Tips for Untethered Lecture Capture Rookies

At a recent TLC brownbag session, 4 faculty members from 4 disciplines shared tips for getting started with “Untethered Lecture Capture,” a tool for using an iPad or tablet to show slides and annotate them in real time during class, while moving around the room. They offered these tips to anyone considering adopting ULC, which also allows a teacher to upload a lecture for students to review after absences or simply for multiple exposures to critical content.

  • Don’t overdo it as you get started. It’s not the best tool for a whole course or for some sessions of a given course .
  • Fancy graphics on slides aren’t necessary. You’ll be adding to your slides as you teach the session, and often simpler text and graphic combos are more fertile grounds for that.
  • ULC is great to capture group work, possibly replacing posters and markers.

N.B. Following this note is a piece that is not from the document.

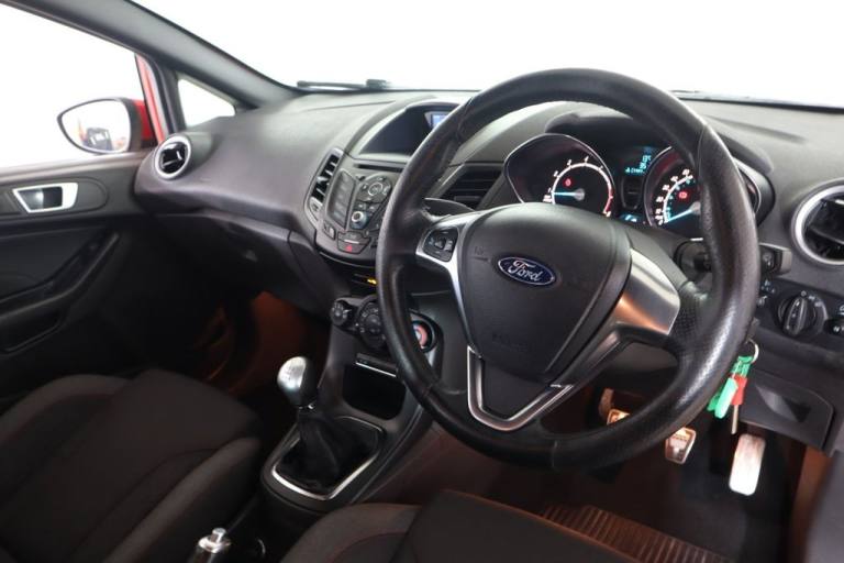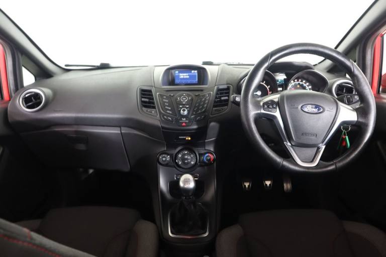 Trade Car Sales presents this stunning FORD FIESTA 1.0T EcoBoost ST-Line Hatchback 3dr Petrol Manual Euro 6 (s/s) (100 ps) in Red that comes with: Ford Sound System, Bluetooth, Cloth Seats, USB, FM Radio, Climate Control, Alloys. The desirable car has done 73443 miles and comes with service history and 30 Day warranty and nationwide delivery are available. For added peace of mind our checks are carried out by a fully trained technical team. Part exchanges are more than welcome and if required can be used as a deposit. We have great finance options that can be applied today! Just visit our website [Website URL removed] Subject to acceptance with Moto Novo Finance. Call us on [Phone number removed] and speak to our team or reserve this car for only £99 deposit via our website. Trade Car Sales has over a decade of valuable experience selling sport performance, luxury, 4x4 cars. In our showroom in Bury, Greater Manchester and on our website ([Website URL removed]) we have over 50 cars in stock. We are open 9am-6pm Monday-Friday, Saturday and Sunday 9am-5pm Call us on 07894432512.17in Alloy Wheels - 8-Spoke - Rock Metallic Finish, Bumpers - Front and Rear Body Colour, Centre Console, Courtesy Light - Front with Map Reading Lights, Courtesy Light - Rear, Door Handles - Body Colour, Door Mirrors - Electrically-operated and Heated - Integrated Side Indicators - Body Colour Housing, Double Locking, Dress Up Kit - Full, Drivers Seat Lumbar Support, EPAS - Electric Power Assisted Steering, ESP - Electronic Stability Programme, EcoSelect Button, Electrically-Operated Front Windows with One Touch, Engine Immobiliser - Passive Anti-theft System, First Aid Kit and Warning Traingle Storage, Footwell Lights - Driver and Passenger, Ford DAB with Ford SYNC, Ford Easy Fuel Capless Refuelling System with Misfuel Inhibitor, Front Fog Lights - Black Bezel Rings, Front Lower Grille Insert - Mesh Black, Front Seats - Sports Style, Front Upper Grille Insert - Black Mesh, Full Body Styling Kit, Gear Shift Indicator, Gearshift Knob - Leather, Glovebox - Illuminated, Halogen Projector Headlights with Silver Surrounds and LED Daytime Running Lights, Headlights - Courtesy Delay, Headlining - Woven - Dark, High-Mounted Rear Brake Light, Hill Start Assist, IPS - Intelligent Protection System, Interior Door Lever - Chrome Finish, Loadspace Compartment Light, Loadspace Floor Carpet, Locking Wheel Nuts, Manual Air Conditioning, MyKey, Pedals - Sports, Perimeter Alarm, Pollen Filter, Power Point Socket - 12 V, Quickclear Heated Windscreen, Rear Lights - LED Night Signature, Remote Central Locking with Two Flip Keys, Removable Package Tray, ST Full Body Styling Kit, Seats - Drivers 4-Way Manual Adjustment, Sports Suspension, Steering Wheel - ST-Line 3-Spoke Leather-Trimmed, Suspension - Front Stabiliser Bar, Tailgate Handle - Body Colour, Tailgate Wash-Wipe, Tinted Glass, Trip Computer, Tyre Pressure Monitoring System, Wipers - Front Variable Intermittent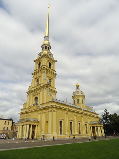Nach diesem Start nahm ich die Metro zur Station Nevsky Prospect von wo aus man sehr schöne Stadtspaziergänge unternehmen kann. Sehr sehenswert sind die Auferstehungskirche, die Kasaner Kathedrale und natürlich die weltweit bekannte Eremitage. Auf dem Weg zur Eremitage machte sich anhand des Wetters bemerkbar, dass St.P. am Finnischen Meerbusen liegt und sich das Wetter sehr schnell ändern kann. Glücklicherweise blieb es noch bis zum Abend trocken. Aus zeitlichen Gründen entschied ich mich dagegen, die Eremitage zu besuchen, alleine dafür braucht man schon eine ganze Woche habe ich mir sagen lassen. Weiter ging es Richtung Peter-und-Paul-Festung, welche ein Erholungsort und Museum ist. Sehr beeindruckend sind die dicken Mauern und die Peter-und-Paul-Kathedrale. Auf dem Weg zurück zum Hotel fiel mir auf, dass viele ältere Damen an verschiedenen Gebäuden teilweise weinend Blumenkränze niederlegten. Mein Freund antwortete mir auf meine Frage, dass das jedes Jahr am 08. September an vielen Stellen gemacht wird, um den Opfern der Blockade zu gedenken, welche am 08. September 1941 begann. Des Weiteren fiel mir auf, dass vielerorts Gedenkplaketten an Wänden angebracht sind, welche Blockade thematisieren. In einer Metrostation befanden sich Mosaiken die darstellten, wie russische Jagdflugzeuge, deutsche Bomber vom Himmel schossen. Mein russischer Freund dachte erst, dass ich entsetzt darüber wäre, aber im Gegenteil: Dies fand ich sehr interessant zu sehen, wie die beiden Länder mit dem Krieg umgehen. Natürlich ist es auch eine Persönlichkeitsfrage, aber nichtsdestotrotz muss man sagen, dass der Krieg präsenter als zu Hause in Deutschland ist.

Small groups of students can work on a regular piece of paper (eg in a notebook), and you can take a photo of that and upload it in real time to the room’s projector for reporting out and debriefing.
  • An untethered teacher keeps students off balance in a good way. There’s no more back row that has little contact with the professor if you are able to move around the room, so fewer digressions into social media.
  • ULC technology is not perfect, and making mistakes together with the tool, or being thwarted by the occasional bad connection helps build community, trust and empathy.
  • ULC can help professors keep the class moving when they are away from campus for professional travel; it’s also a way for athletes or other travelling students to have access to the professor’s content and the discussions that occur in class in their absence.
  • There are 52 professors on campus using ULC (so far). Chances are that peer wisdom lurks in your own hallway!
  • ULC is effective in helping students create and observe visual models of complex or unseen processes. A picture really can be better than a thousand eloquent words.
  • Student tutors can use the tool to capture explanations in a tutoring session and share on the Moodle page of the relevant class. Sometimes students grasp the vocabulary of another student when the more polished words of a professor still feel a bit foggy.
  • ULC is one tool, not THE tool, for being an effective teacher.